### What needs to be done
Exactly the lines below starting at the line with "Metal, Madeira, PU" and ending at the line with "McCorquodale, M. W." are wanted, with both ends included. Leave out the pictures and add no other lines.

*** Dataset excerpts ***

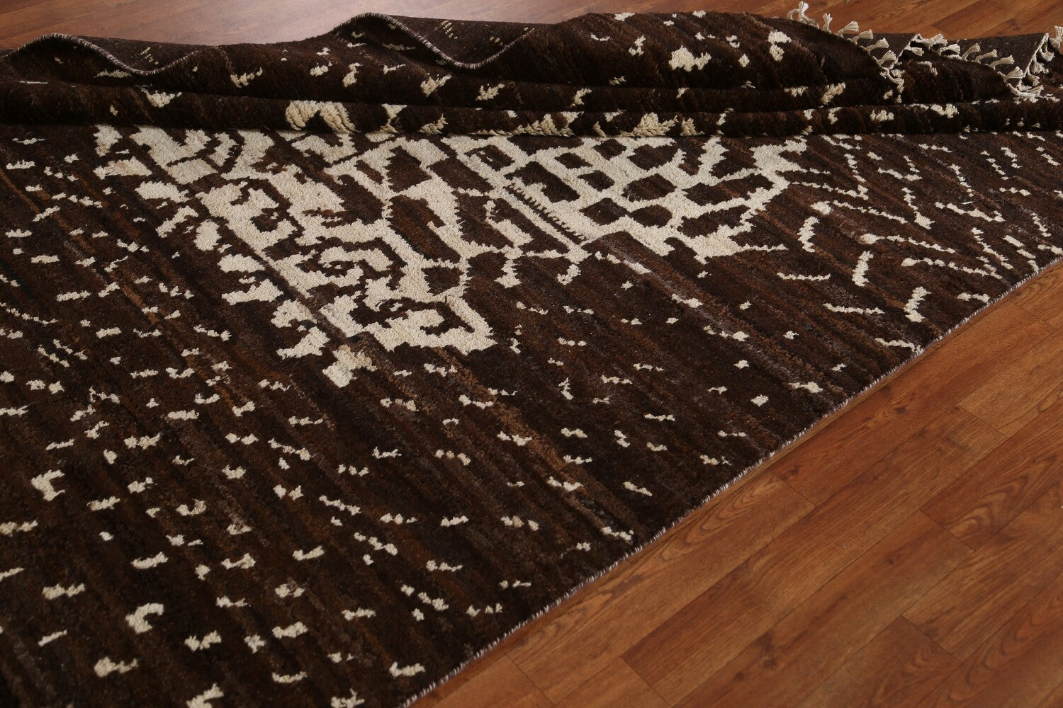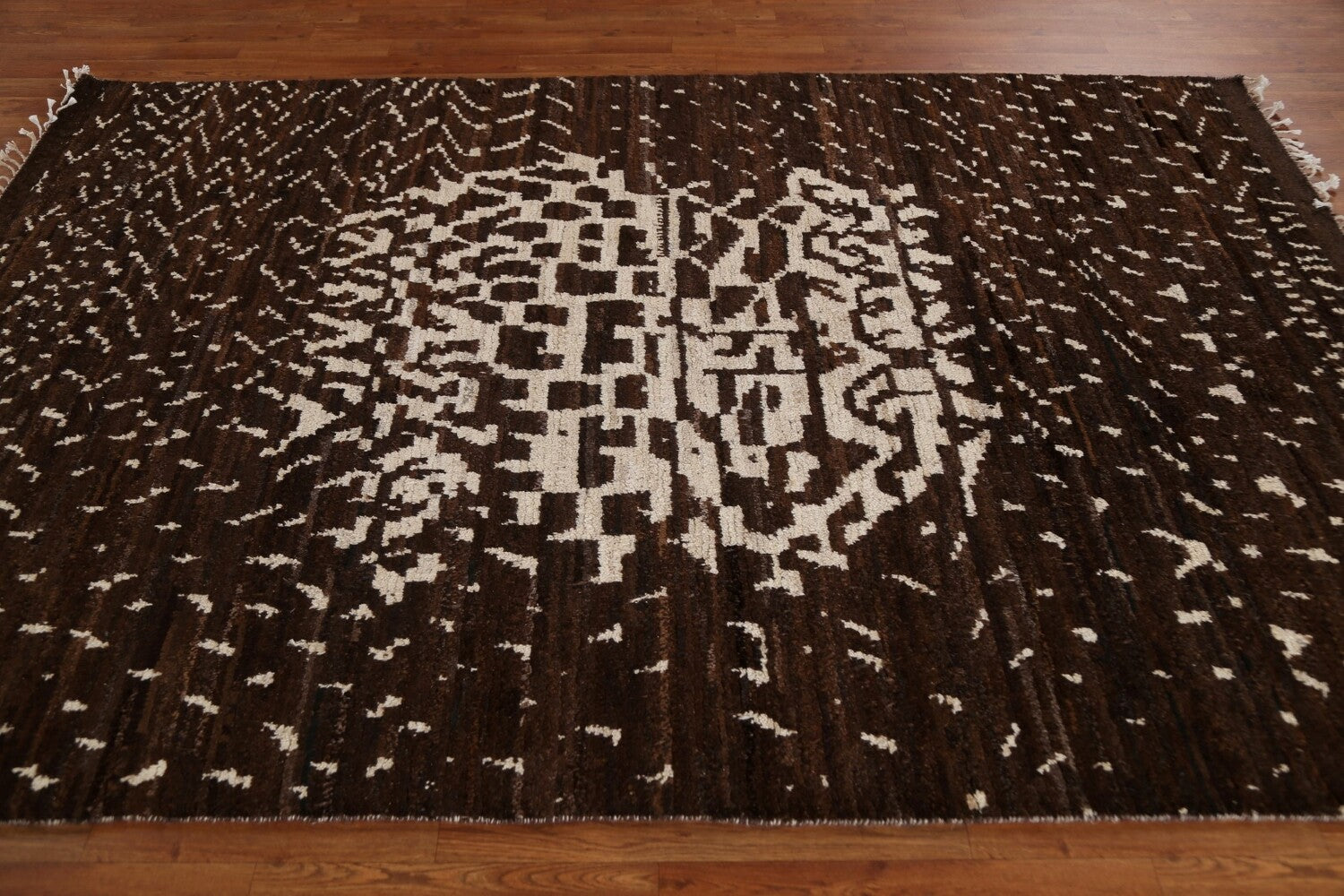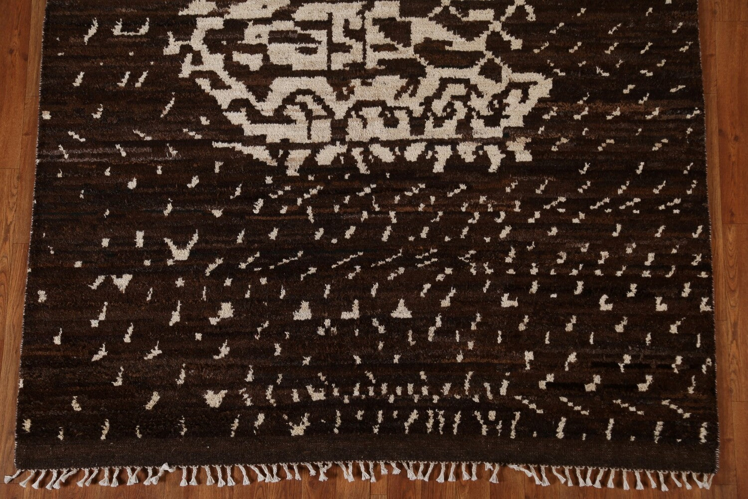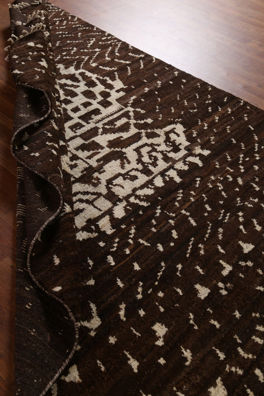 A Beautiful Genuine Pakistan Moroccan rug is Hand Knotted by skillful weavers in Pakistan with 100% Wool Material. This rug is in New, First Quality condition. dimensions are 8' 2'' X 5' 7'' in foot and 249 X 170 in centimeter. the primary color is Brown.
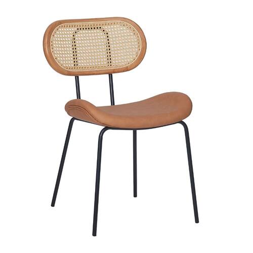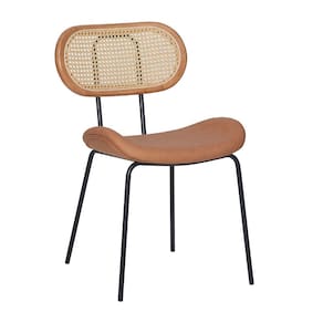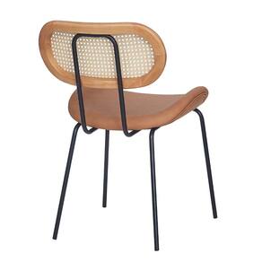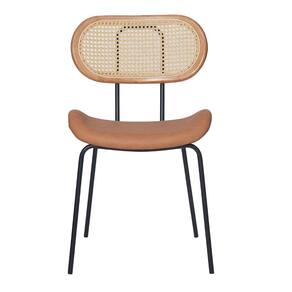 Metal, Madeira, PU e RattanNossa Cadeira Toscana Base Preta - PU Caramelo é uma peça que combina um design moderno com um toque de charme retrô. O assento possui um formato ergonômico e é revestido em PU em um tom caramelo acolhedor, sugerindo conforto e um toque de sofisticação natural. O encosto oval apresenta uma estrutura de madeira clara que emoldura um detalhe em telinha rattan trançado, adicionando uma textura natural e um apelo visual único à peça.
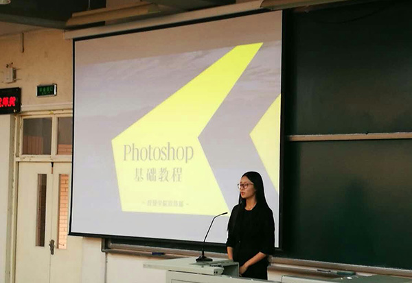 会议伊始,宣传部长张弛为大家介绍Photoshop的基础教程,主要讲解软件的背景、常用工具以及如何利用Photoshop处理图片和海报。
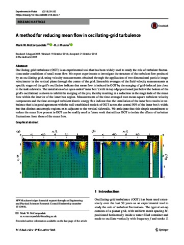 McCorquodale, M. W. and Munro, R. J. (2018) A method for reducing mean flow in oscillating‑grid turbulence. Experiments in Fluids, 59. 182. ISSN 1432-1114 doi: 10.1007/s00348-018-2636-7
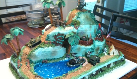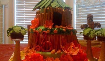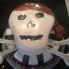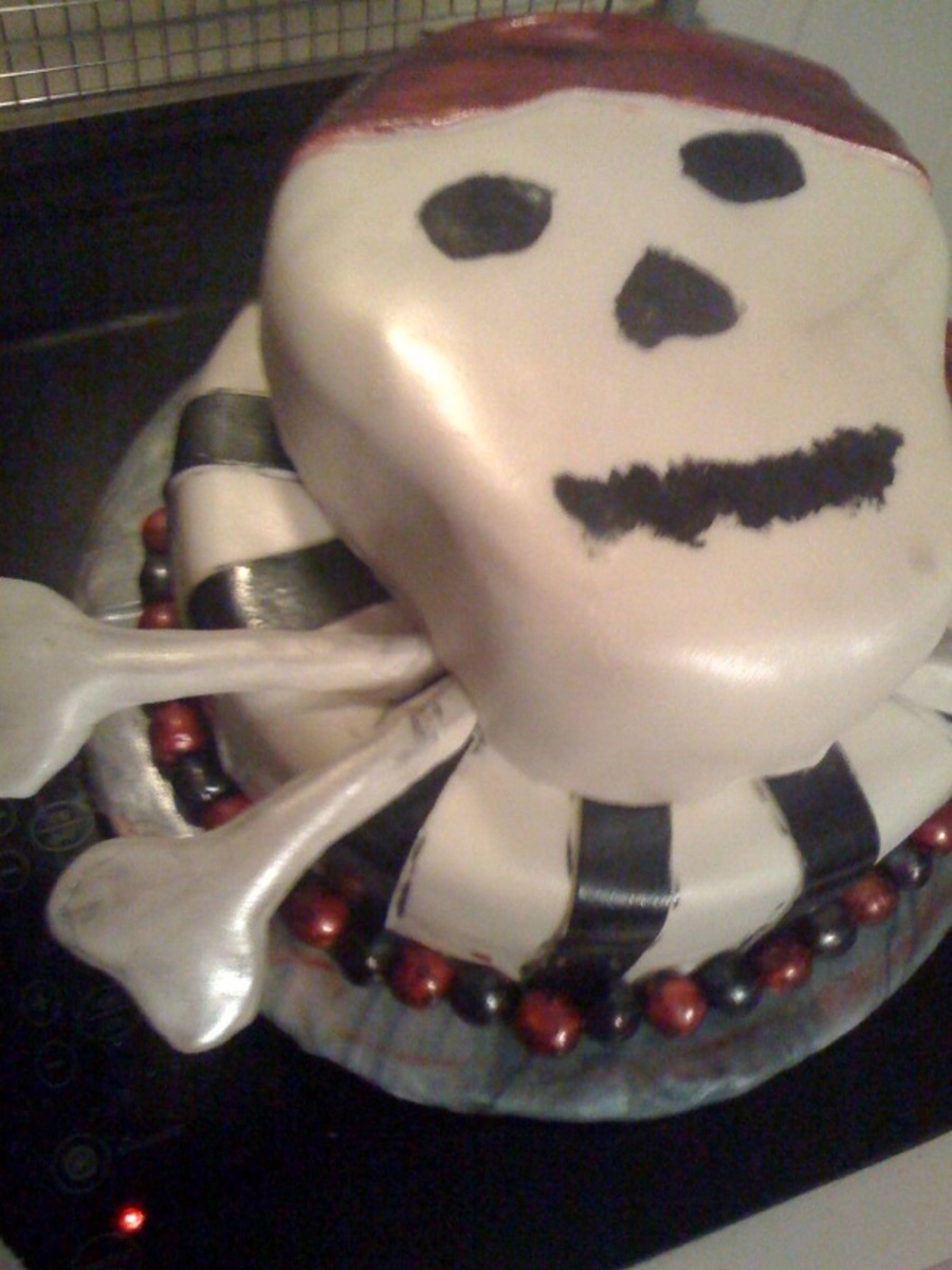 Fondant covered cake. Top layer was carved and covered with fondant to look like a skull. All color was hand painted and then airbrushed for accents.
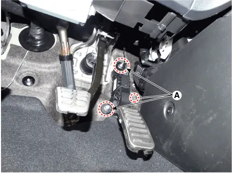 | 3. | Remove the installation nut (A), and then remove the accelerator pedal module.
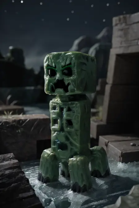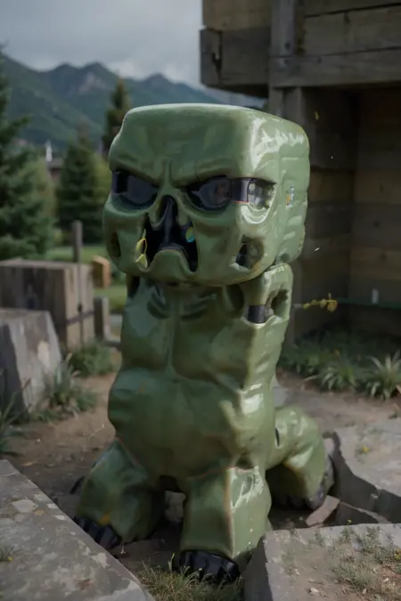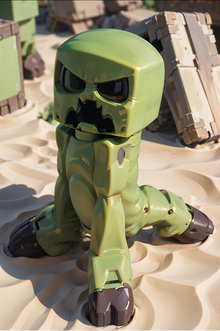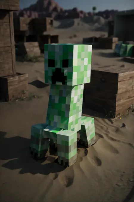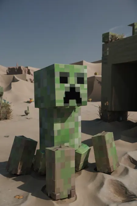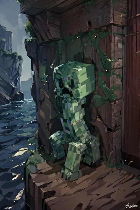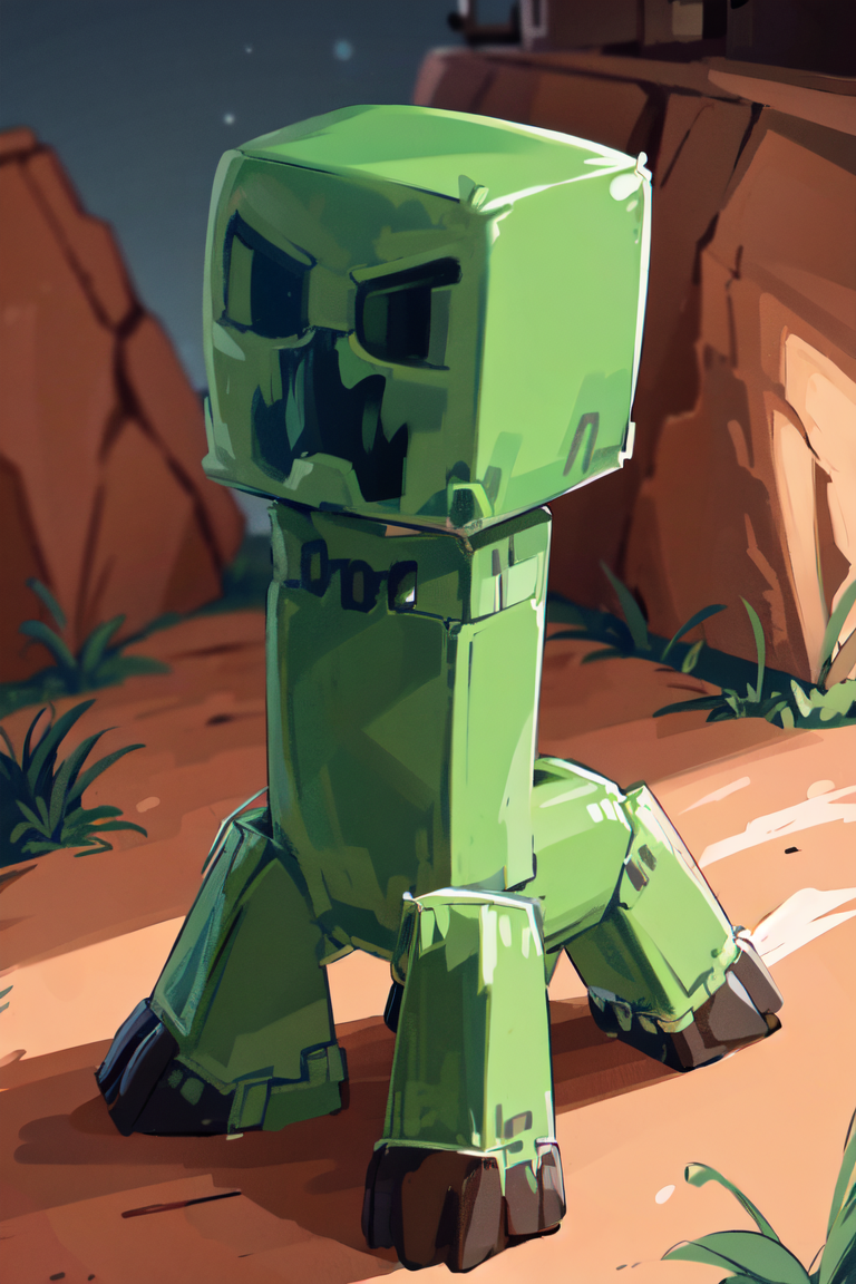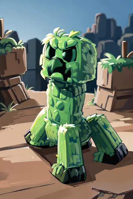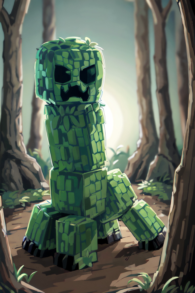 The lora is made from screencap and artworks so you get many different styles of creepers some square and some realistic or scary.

*** End of Dataset excerpts ***

### Written solution
 Metal, Madeira, PU e RattanNossa Cadeira Toscana Base Preta - PU Caramelo é uma peça que combina um design moderno com um toque de charme retrô. O assento possui um formato ergonômico e é revestido em PU em um tom caramelo acolhedor, sugerindo conforto e um toque de sofisticação natural. O encosto oval apresenta uma estrutura de madeira clara que emoldura um detalhe em telinha rattan trançado, adicionando uma textura natural e um apelo visual único à peça.
 会议伊始,宣传部长张弛为大家介绍Photoshop的基础教程,主要讲解软件的背景、常用工具以及如何利用Photoshop处理图片和海报。
 McCorquodale, M. W. and Munro, R. J. (2018) A method for reducing mean flow in oscillating‑grid turbulence. Experiments in Fluids, 59. 182. ISSN 1432-1114 doi: 10.1007/s00348-018-2636-7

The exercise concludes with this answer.